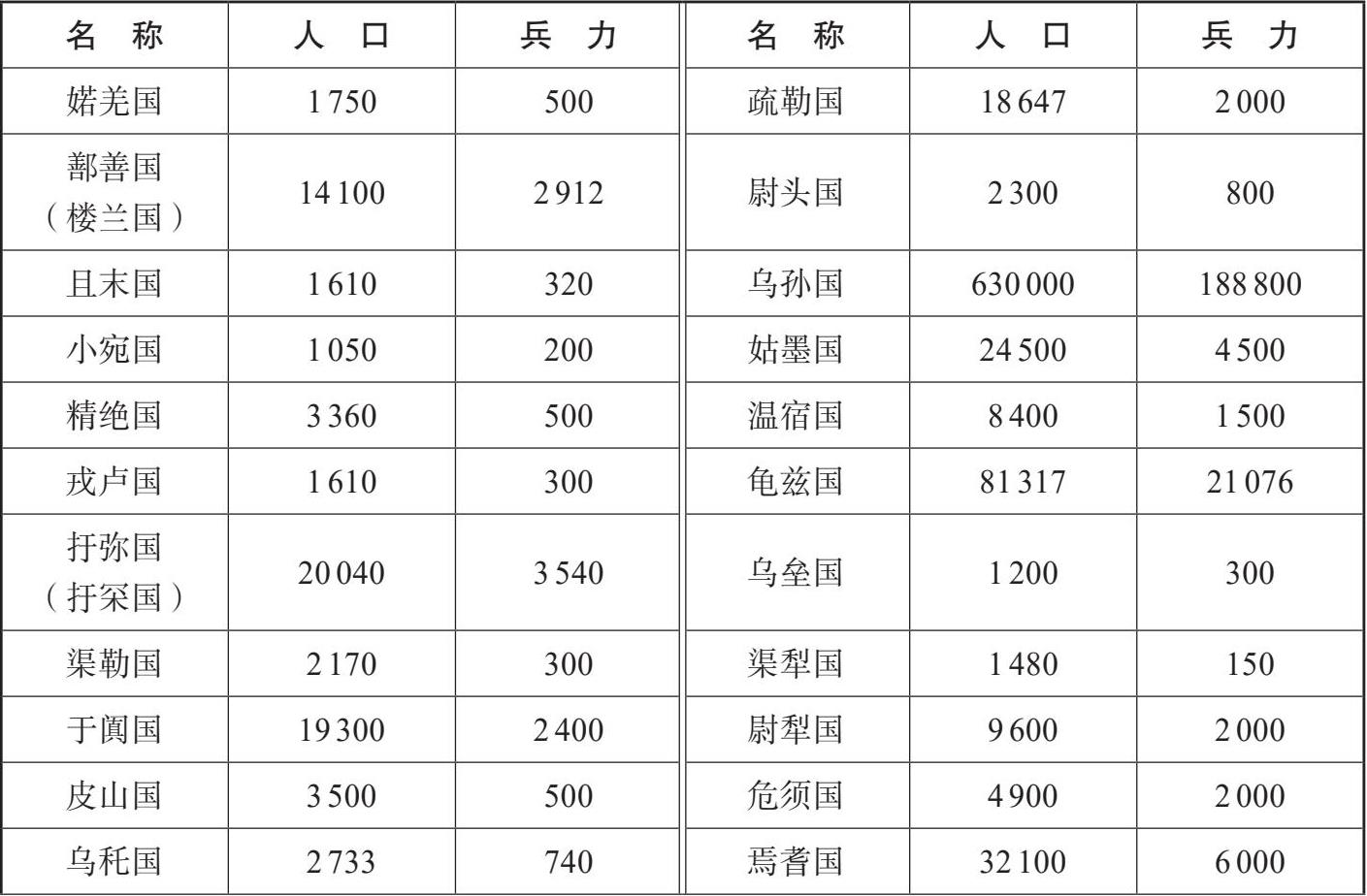 在西域,除了几个大国,其余大都是楼兰、车师这样的小国。它们虽然号称“西域三十六国”,但《汉书》一共记载了西域54个国家。这些国家大小相差巨大,除了几个大国,其余的人口甚至比不上一个村子。人口最少的只有194人(单桓),兵力最少的只有45人(单桓、狐胡)。可见,所谓的西域国家,有许多只是一个绿洲附近形成的居民点而已。它们与其说是一个国家,不如说只是一个城市或者一个村庄,只是幸运地占据了一片绿洲和草场,才被当作一个国家对待。
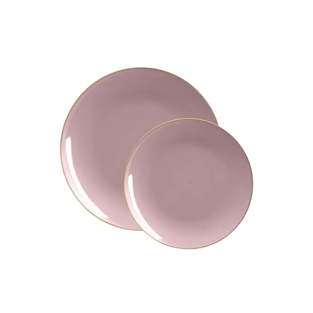 Mauve Gold Rimmed Plastic Plates - 2 Sizes
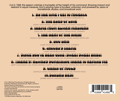 Cut in 1968, this session catches a trumpeter at the height of his command. Showing impact and restraint in equal measure, Don's playing here is focused, unforced, and powered by years of bandstands, studios, and broadcast work.
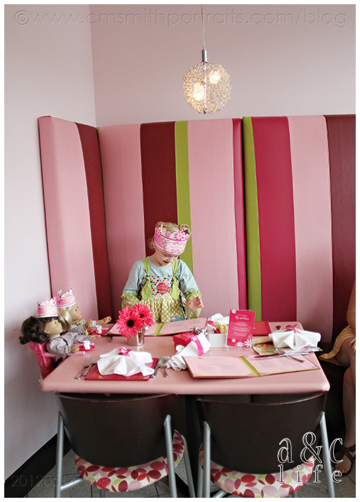 He really was a good sport, though. He loves his sister. =) Before long it was time for our Bistro reservation, but we had to make a stop at the ladies’ room. Oh my Stars, y’all they have a place for the dolls in the bathroom. Craziness.
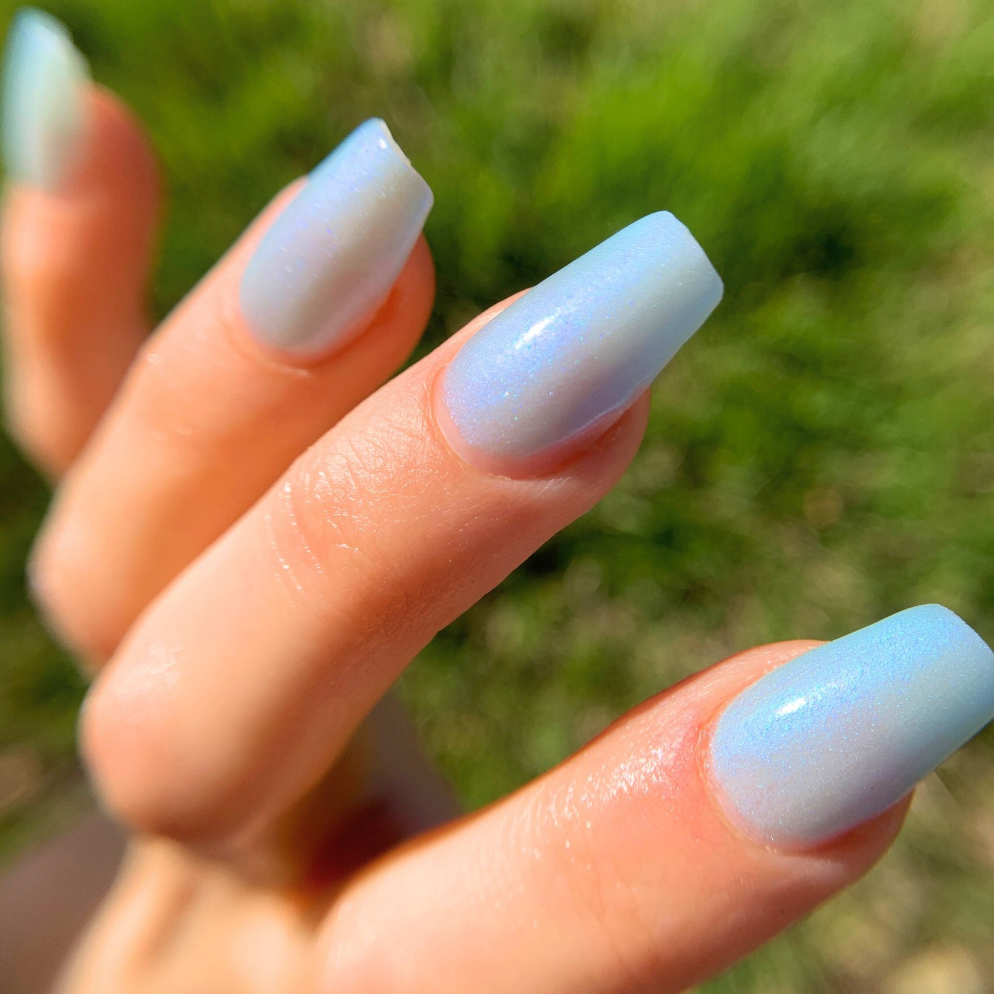 Ethereal blue with shimmer / glows greenish blue
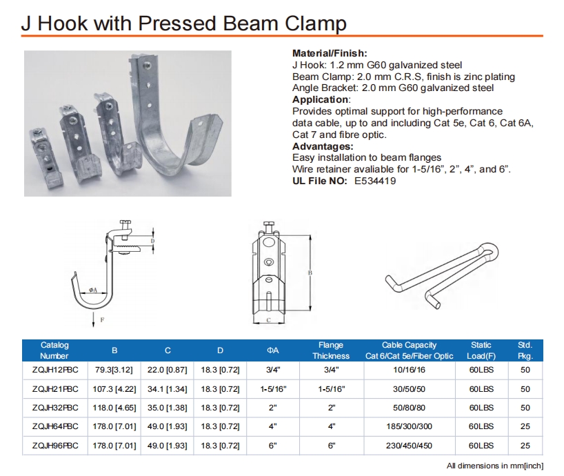 J -hook: 1.2 مم G60 الصلب المجلفن
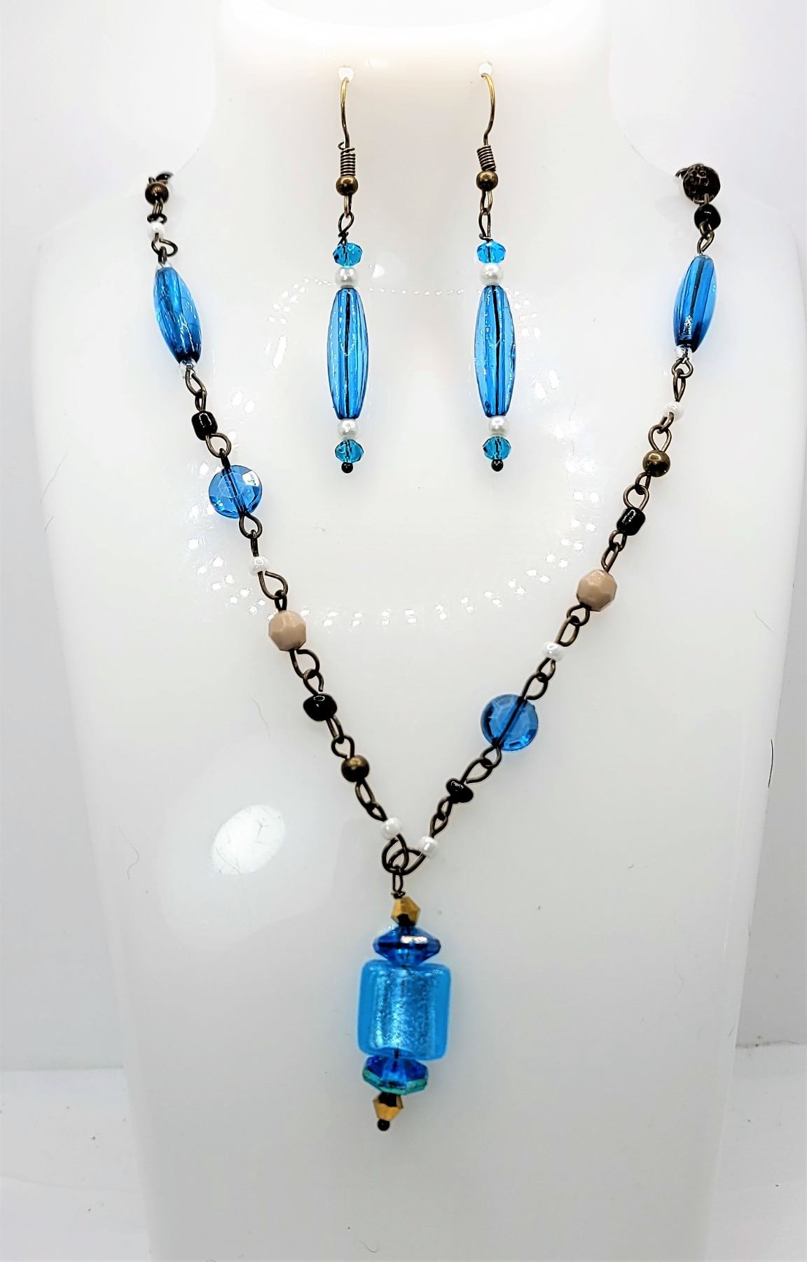 EARRINGS AND MATCHING 22" NECKLACE WITH A MURANO GLASS DROP, NECKLACE HAS A 2" EXTENDER. JEWELRY
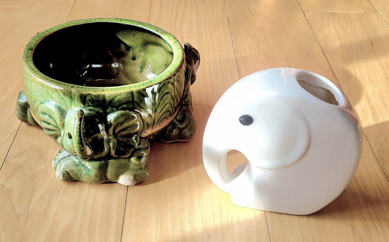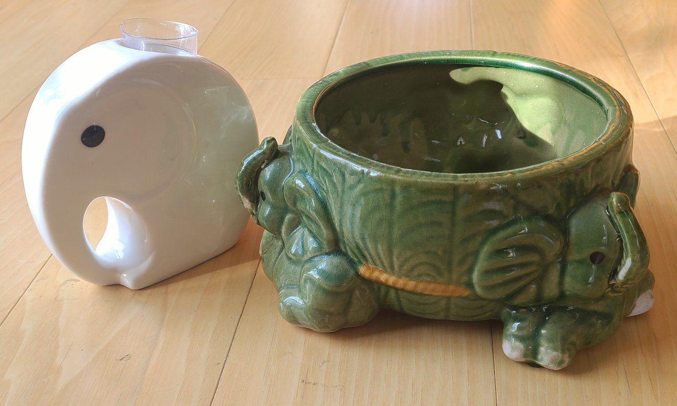 1 white ceramic for lucky bamboo. 1 green ceramic 3 elephants. Both are included in the price.
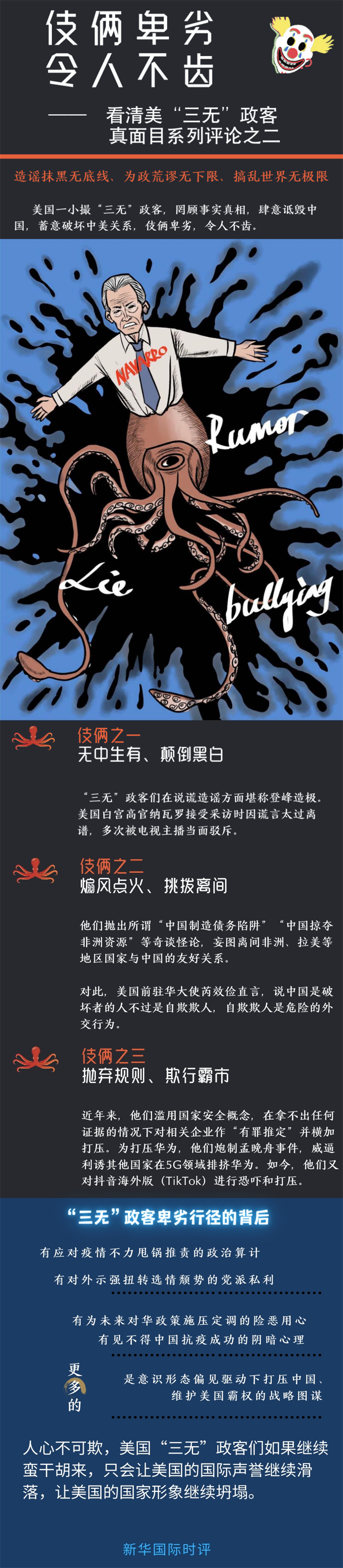 回憶在中央情報(bào)局的任職經(jīng)歷時(shí),美國國務(wù)卿蓬佩奧難得說了句實(shí)話:“我們?nèi)鲋e、我們欺騙、我們偷竊……這才是美國不斷探索進(jìn)取的榮耀?!痹谶@種畸形價(jià)值觀的驅(qū)動(dòng)下,美國一小撮造謠抹黑無底線、為政荒謬無下限、搞亂世界無極限的“三無”政客罔顧事實(shí)真相,肆意詆毀中國,蓄意破壞中美關(guān)系,伎倆卑劣,令人不齒。
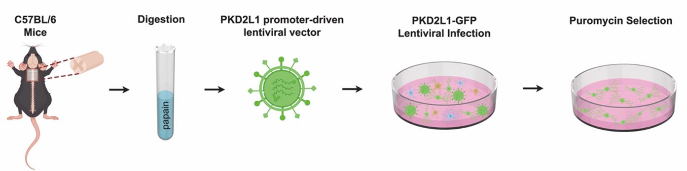 In this study, we developed a lentiviral system driven by the mouse PKD2L1 promoter for efficient in vitro selection of CSF-cNs. This system incorporates dual reporter elements—green fluorescent protein (GFP) and puromycin resistance gene (PuroR)—enabling both fluorescence-based tracing and antibiotic-based selection. By infecting primary spinal cord cells with the virus, followed by puromycin selection and enrichment of GFP-positive cells, we obtained a high-purity CSF-cNs population. This system enables the acquisition of highly purified CSF-cNs under controlled conditions, thereby facilitating targeted interventions and pathway analyses, and providing a reliable platform for functional and mechanistic studies in vitro.
◆ ◆ ◆ ◆
> [EXERCISE REQUIREMENTS]:
The lines needed run from the first line of the records through the line containing "回憶在中央情報(bào)局的", both included. Restate them word for word, without pictures.

> [YOUR SOLUTION]:
 在西域,除了几个大国,其余大都是楼兰、车师这样的小国。它们虽然号称“西域三十六国”,但《汉书》一共记载了西域54个国家。这些国家大小相差巨大,除了几个大国,其余的人口甚至比不上一个村子。人口最少的只有194人(单桓),兵力最少的只有45人(单桓、狐胡)。可见,所谓的西域国家,有许多只是一个绿洲附近形成的居民点而已。它们与其说是一个国家,不如说只是一个城市或者一个村庄,只是幸运地占据了一片绿洲和草场,才被当作一个国家对待。
 Mauve Gold Rimmed Plastic Plates - 2 Sizes
 Cut in 1968, this session catches a trumpeter at the height of his command. Showing impact and restraint in equal measure, Don's playing here is focused, unforced, and powered by years of bandstands, studios, and broadcast work.
 He really was a good sport, though. He loves his sister. =) Before long it was time for our Bistro reservation, but we had to make a stop at the ladies’ room. Oh my Stars, y’all they have a place for the dolls in the bathroom. Craziness.
 Ethereal blue with shimmer / glows greenish blue
 J -hook: 1.2 مم G60 الصلب المجلفن
 EARRINGS AND MATCHING 22" NECKLACE WITH A MURANO GLASS DROP, NECKLACE HAS A 2" EXTENDER. JEWELRY
 1 white ceramic for lucky bamboo. 1 green ceramic 3 elephants. Both are included in the price.
 回憶在中央情報(bào)局的任職經(jīng)歷時(shí),美國國務(wù)卿蓬佩奧難得說了句實(shí)話:“我們?nèi)鲋e、我們欺騙、我們偷竊……這才是美國不斷探索進(jìn)取的榮耀?!痹谶@種畸形價(jià)值觀的驅(qū)動(dòng)下,美國一小撮造謠抹黑無底線、為政荒謬無下限、搞亂世界無極限的“三無”政客罔顧事實(shí)真相,肆意詆毀中國,蓄意破壞中美關(guān)系,伎倆卑劣,令人不齒。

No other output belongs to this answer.